Sta Maria counters that a cost-benefit analysis can only be done when the negotiations are finalised.

“How can you do one (cost analysis) when the negotiations are not final and still evolving?” she asks. She adds that many discussions were as transparent as possible, with the Minister of International Trade and Industry Datuk Seri Mustapa Mohamed having had 153 engagements on TPP.

Miti, it seems, even went so far as to adopt “cleared advisers”, a similar process to the US. These advisers have the details of the negotiations, but have to sign a non-disclosure agreement.

“We invited a lot of people — FMM (Federation of Malaysian Manufacturers), MTEM, Datuk Abdul Farid Alias (Maybank CEO), (corporate personality) Tan Sri Munir Majid … everybody. We tried to be as fair as possible. We had meetings with Khazanah, Petronas and others,” Sta Maria says.

“I’ve never briefed the cabinet so many times … so actually, no minister should say he does not know. Also, before we leave for the meetings, we get the mandate, we brief ministers, so there was no negotiation in secret. The process was very transparent, it was very inclusive. If nothing, we’ve learnt to be open about the whole process.”

It’s  ironic that Sta Maria and her team have come under so much flak, when  they are ecstatic about the recent developments.
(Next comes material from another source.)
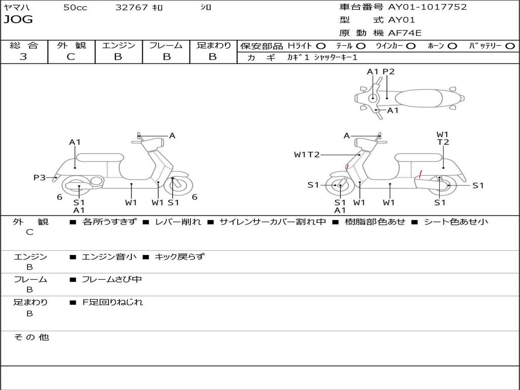 | Номер рамы / VIN | AY01-1017752 |

Policies that favour bumiputeras have been preserved, with bumiputera contractors still enjoying 30% of jobs being carved out for them, and the margin of price preference for bumiputera suppliers and manufacturers being maintained. State-owned enterprises such as Khazanah Nasional Bhd, Petroliam Nasional Bhd (Petronas) and various pension funds have been exempted from TPP regulations.

“We negotiated it, we’ve carved out for bumiputeras (contractors), we’ve carved out some for SOEs (state-owned enterprises), all our pension funds, Khazanah, Petronas, have all been taken out, so if you are looking at it, this agreement is to a large extent status quo for Malaysia,” Sta Maria says.

Ong, meanwhile, says that an honest discussion on the TPP cannot just focus on the limited number of disputed areas but should include larger questions and objectives surrounding the agreement, but the larger questions need to be discussed by policymakers in the country as part and parcel of the discussions.